The Morel children feel a deep conflict between the traits they picked up from their mother and those they got from their father. Why do you think they're so confused? It's possible that their ties to their stern, future-oriented mother are so strong that they feel guilty enjoying life vigorously, as their father always has.

William is very popular with the girls. Like his father in his heyday, he has many girls whom he doesn't care an ounce about. Mrs. Morel encourages his rudeness. She wants him to concentrate on his work and schooling, and fears he'll end up sidetracked. Is she reflecting on her own marital mismatch?

William receives a wonderful job offer in London. He's so excited that he doesn't realize how deserted his mother feels. She's happy William is embarking upon the road to success she primed him for. At the same time, however, she doesn't want him to leave her. For Gertrude, William, rather than Walter, is the indispensable "man of the house."

Have you ever loved someone and found yourself torn between what's best for them and what's best for yourself? Gertrude has problems letting go of her children. All parents, at one time or another, must decide how and when to "cut the apron strings." What do you consider a mature, healthy parent/child relationship?

CHAPTER 4

Now that favorite son William is making his own way in the world, Paul begins to take center stage.

NOTE: CHANGE OF PERSPECTIVE
This chapter goes back in time and concerns Paul's life while William was still at home. It's almost as if the narrator tells the family history all over again, but from a fresh perspective. Now you're seeing it through Paul's sensitive eyes. The chapter reads like a bright, colorful fairy tale, emphasizing the fact that the point of view is that of a young, sensitive child who will grow up to be an artist- an individual who uses the details of life to symbolize great universal themes. You'll also notice a series of vivid, disconnected fragments or highlights from Paul's childhood. This structure reflects the way children see things as well as the way adults selectively remember only certain aspects of their childhood.

Paul is a slight boy with reddish hair and gray eyes that seem to absorb everything they light on. He's terribly shy and is oversensitive to the way others see and treat him. Since he's often sickly, Mrs. Morel is even more protective of him than of the other children. He, in turn, follows her like a shadow. Paul is very different from the other boys in the village. Being less robust, he tends to spend most of his time playing with his sister Annie. But Paul's dependence on Annie is a formidable foreshadowing of the more serious dependence he'll have on his mother and his lovers when he becomes a man.

Paul does begin to assert himself in a strangely destructive incident. He accidentally breaks Annie's beloved doll and then suggests that he and Annie burn the battered doll like a sacrifice. He now hates the thing he mutilated.
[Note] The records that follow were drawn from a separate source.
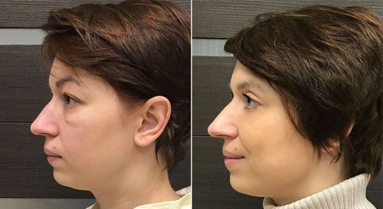 Для избавления от «отекшего» вида, я при помощи канюлирования и микролипомоделирования устранила избытки малярного жира и частично перераспределила по контуру в область носослезной борозды. Манипуляцию провела через микропроколы по бесшовной методике.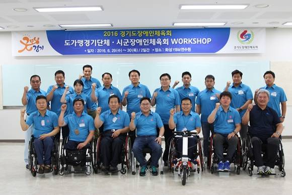 경기도장애인체육회는 지난 29일부터 30일까지 화성시 소재 모 연수원에서 시군장애인체육회 및 가맹경기단체 임직원 100여 명이 참가한 가운데 경기도 장애인체육 중장기 발전방향을 논의하기 위한 2016년 상반기 경기도장애인체육회 단체 워크숍 워크숍을 개최했다.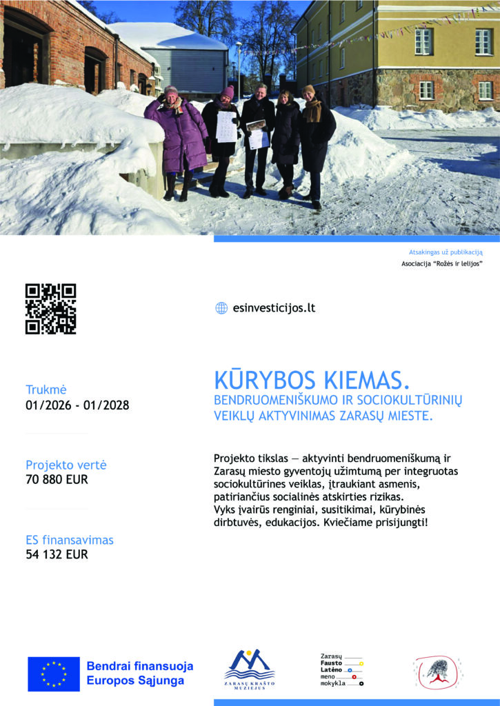 Taip gimė bendras projektas “Kūrybos kiemas. Bendruomeniškumo ir sociokultūrinių veiklų aktyvinimas Zarasų mieste”, kurio dėka, tikime, įvairaus amžiaus zarasiečiai ras progų kokybiškai pabendrauti ir dar labiau pamilti savo unikalų miestą.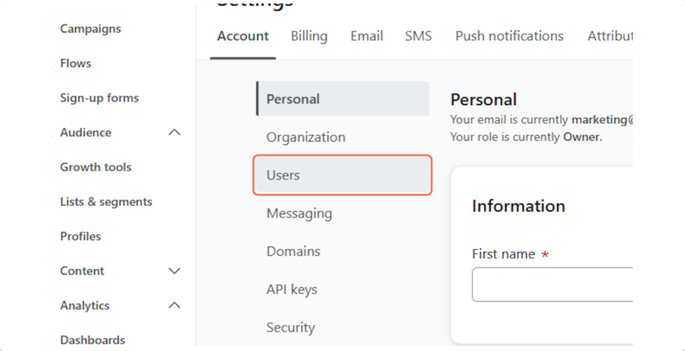 Under Settings skal du klikke på “Users”, som vist nedenfor.
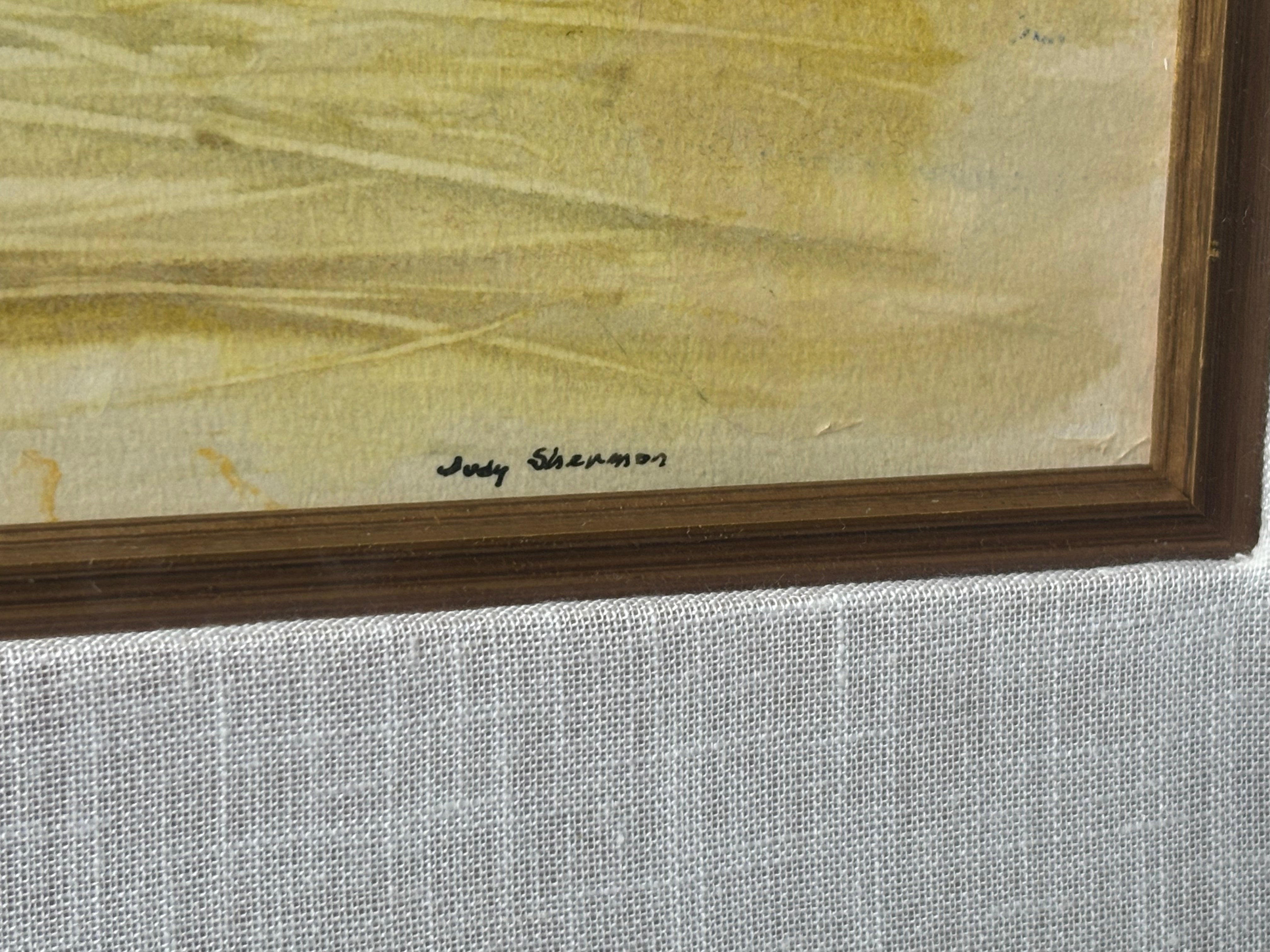 Beautiful cool toned horizontal landscape of sailboats peacefully floating. The coziness and nostalgia of this painting will surely complete any room.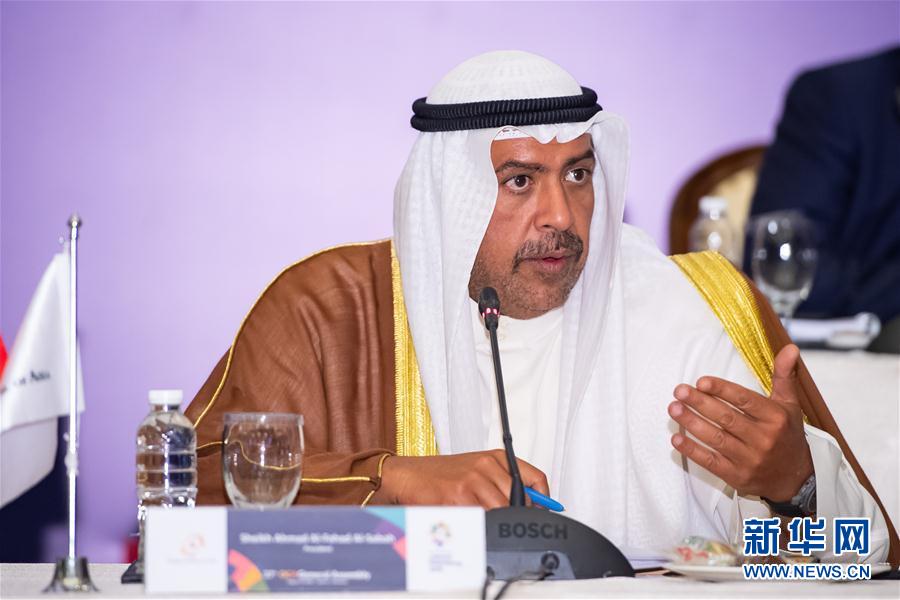 ↑8月19日,亚奥理事会主席艾哈迈德亲王在会议上致辞。 新华社记者张金加摄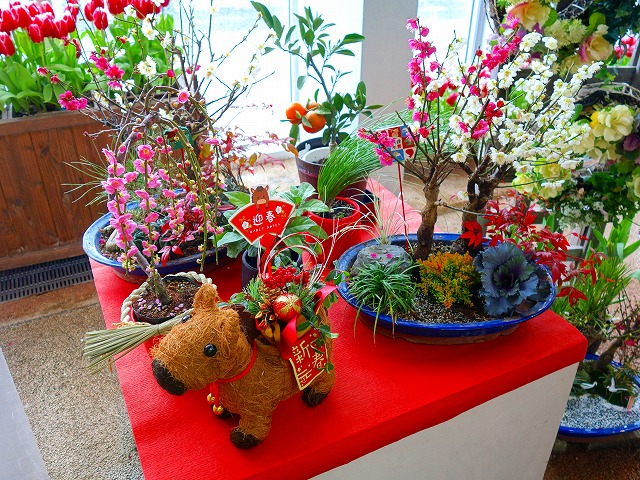 プリムラやハボタンなど早春から楽しめる植物の寄せ植えや、縁起物植物など新春にふさわしい植物を紹介するよ♪ 紅梅、白梅、しだれ梅も満開だよ♪ ゆっくり見に来てね~

NOTE: This scene helps you understand Paul's later cruelty to his sweethearts, Miriam Leivers and Clara Dawes. Even as a child, a part of Paul wants to obliterate or thoroughly erase those he's hurt. In what way is Paul like his father? You'll have to decide for yourself why Paul at times would rather reject and destroy than soothe those he has hurt.

Another remembrance from Paul's childhood flashes before you. Paul comes home one evening to find his mother with a black eye, his father looking ashamed, and teenaged William glaring. William threatens to beat up his father for hitting Gertrude. Morel dares him to try, and Paul, who hates his father even more than the other children, wishes his brother would hit Walter. Mrs. Morel stops father and son from fighting. After all her suffering, why do you think she makes William back off? It's possible she prefers to control their rivalry by keeping father and son mired in a war of words where she emerges looking like the ultimate peacemaker. It's also possible that she still feels some love for her husband and doesn't want him humiliated. What do you think her motives are and why?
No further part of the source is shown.